For S0212, extracting one text data to be processed from the plurality of text data to be processed to obtain target text data to be processed; performing sentence structure analysis on the text data to be processed of the target to obtain sample data to be regularized; performing text regularization processing on the sample data to be regularized to obtain sample data to be segmented; performing word segmentation on the sample data to be segmented to obtain segmented sample data; performing part-of-speech prediction on the segmented sample data to obtain text sample data corresponding to the text data to be processed of the target; and repeatedly executing the step of extracting one piece of text data to be processed from the plurality of pieces of text data to be processed to obtain target text data to be processed until determining text sample data corresponding to each piece of text data to be processed in the plurality of pieces of text data to be processed.

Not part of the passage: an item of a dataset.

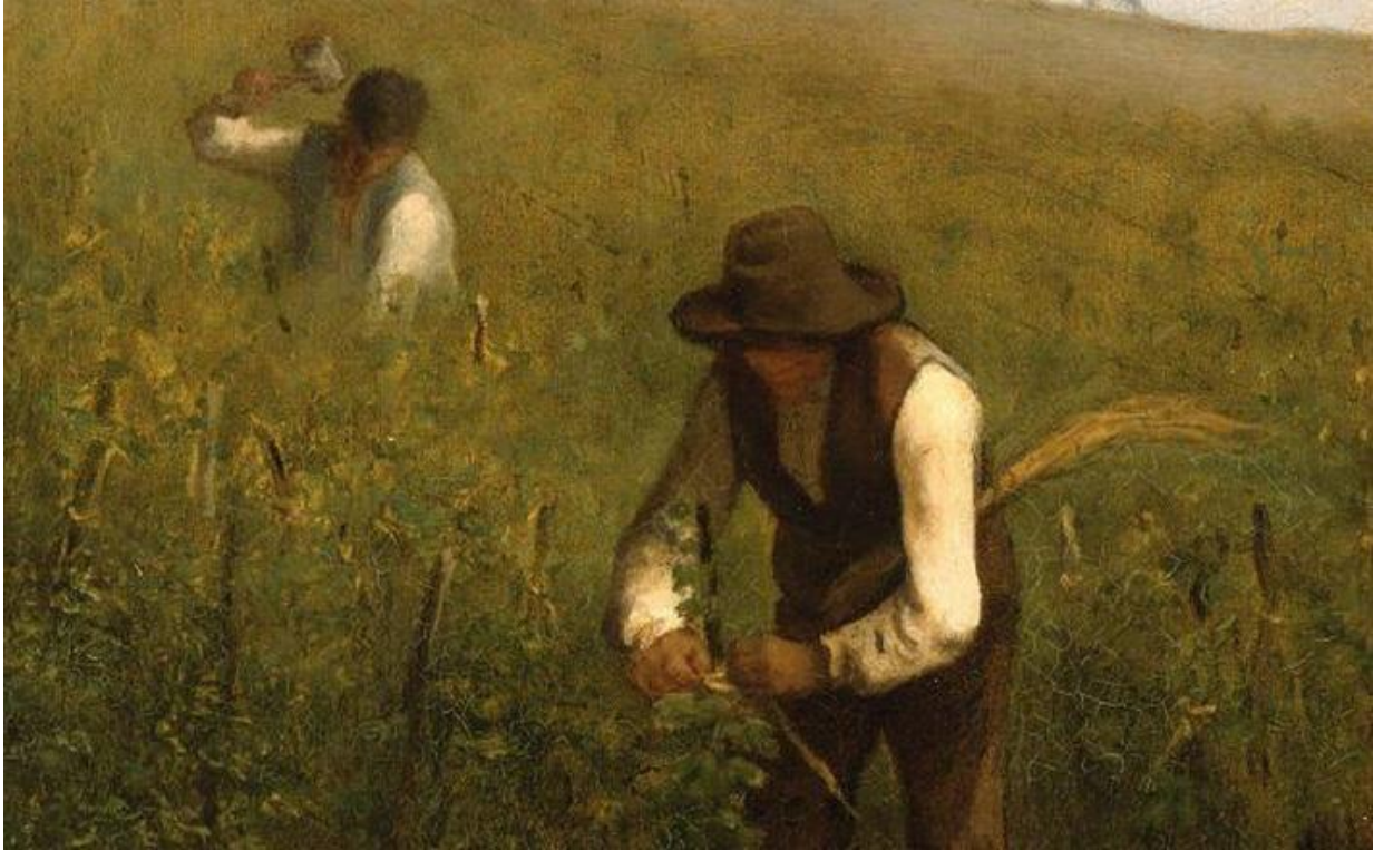
Millet, Jean François, "In the Vineyard" from Art in the Christian Tradition, a project of the Vanderbilt Divinity Library, Nashville, Tenn

For S0213, extracting one text sample data from the text sample data corresponding to each of the plurality of text data to be processed to obtain text sample data to be calibrated; performing pinyin calibration on the text sample data to be calibrated to obtain the phoneme calibration data corresponding to the text sample data to be calibrated; and repeatedly executing the step of extracting one text sample data from the text sample data corresponding to each of the plurality of text data to be processed to obtain the text sample data to be calibrated until determining the phoneme calibration data corresponding to the text sample data corresponding to each of the plurality of text data to be processed.

In an embodiment, the step of dividing the plurality of training samples by using a preset dividing rule to obtain a first training sample set, a second training sample set and a third training sample set includes:

The multiple training samples are divided according to the division rule of 8:1:1, so that multi-tone word mask training is conducted by using a large number of training samples, multi-tone word random pinyin replacement training is conducted by using a small number of training samples, non-mask and non-replacement training is conducted by using a small number of training samples, and robustness of a model obtained through training is improved.

Wherein 80% of the plurality of training samples are partitioned into a first training sample set, 10% of the plurality of training samples are partitioned into a second training sample set, and 10% of the plurality of training samples are partitioned into a third training sample set.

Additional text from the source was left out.